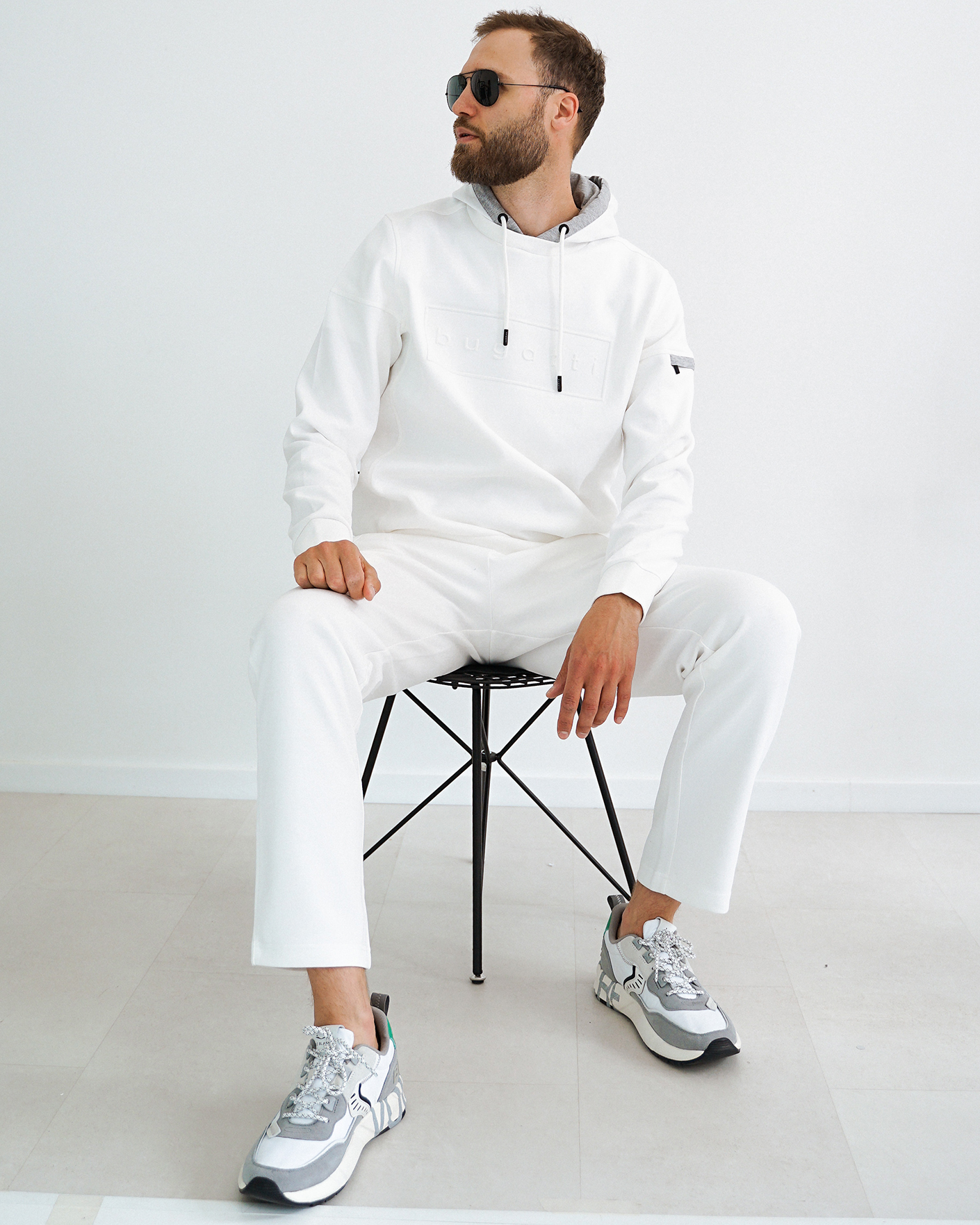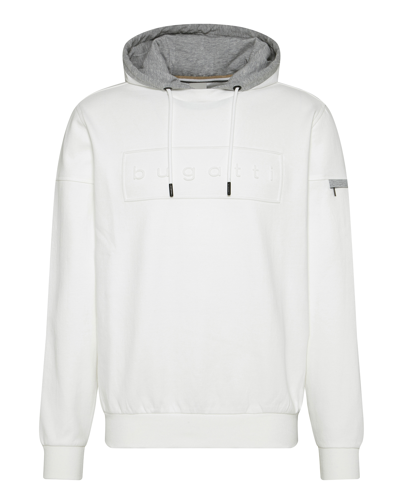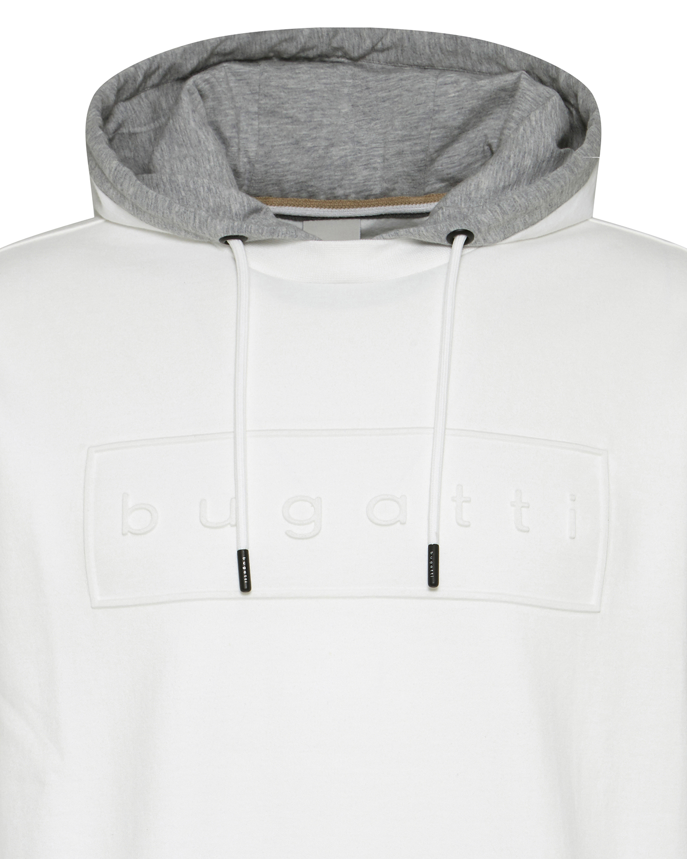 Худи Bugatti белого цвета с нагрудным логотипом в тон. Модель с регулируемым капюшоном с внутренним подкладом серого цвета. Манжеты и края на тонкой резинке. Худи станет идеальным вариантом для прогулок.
---
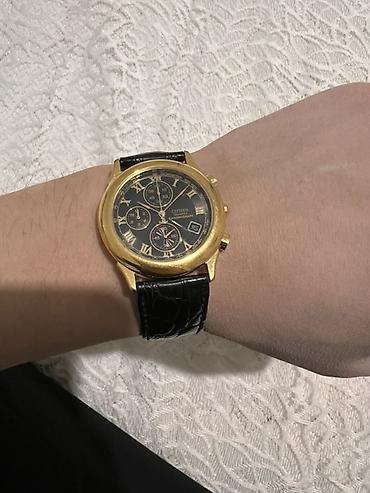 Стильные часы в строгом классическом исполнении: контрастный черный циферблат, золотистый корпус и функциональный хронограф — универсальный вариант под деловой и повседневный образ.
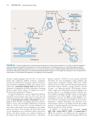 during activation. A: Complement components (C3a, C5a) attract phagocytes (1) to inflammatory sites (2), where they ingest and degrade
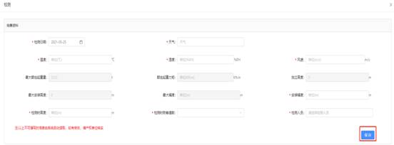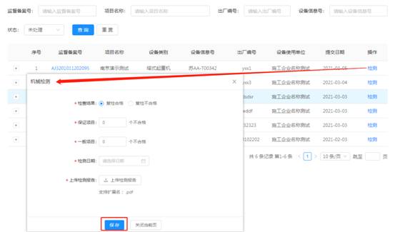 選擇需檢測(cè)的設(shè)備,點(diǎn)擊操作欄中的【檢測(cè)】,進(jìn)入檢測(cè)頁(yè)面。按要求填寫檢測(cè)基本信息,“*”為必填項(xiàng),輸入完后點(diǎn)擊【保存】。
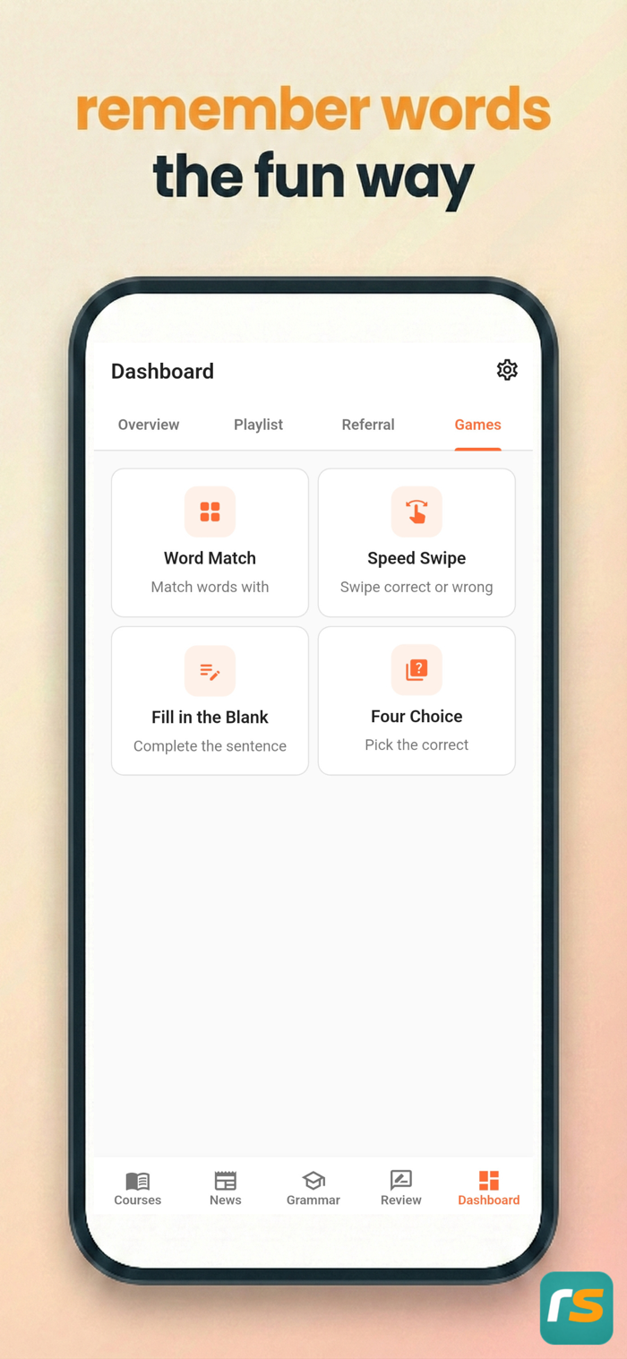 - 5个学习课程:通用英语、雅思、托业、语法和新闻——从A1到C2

Exercise directions:
Only one part of the listing is wanted: the lines from the one containing "Стильные часы в" through the one containing "- 5个学习课程:通用英语、雅思、托业、语法和新闻——从A1到C2", both included. Please transcribe it exactly, leaving out the pictures.

Solution for this exercise:
 Стильные часы в строгом классическом исполнении: контрастный черный циферблат, золотистый корпус и функциональный хронограф — универсальный вариант под деловой и повседневный образ.
 during activation. A: Complement components (C3a, C5a) attract phagocytes (1) to inflammatory sites (2), where they ingest and degrade
 選擇需檢測(cè)的設(shè)備,點(diǎn)擊操作欄中的【檢測(cè)】,進(jìn)入檢測(cè)頁(yè)面。按要求填寫檢測(cè)基本信息,“*”為必填項(xiàng),輸入完后點(diǎn)擊【保存】。
 - 5个学习课程:通用英语、雅思、托业、语法和新闻——从A1到C2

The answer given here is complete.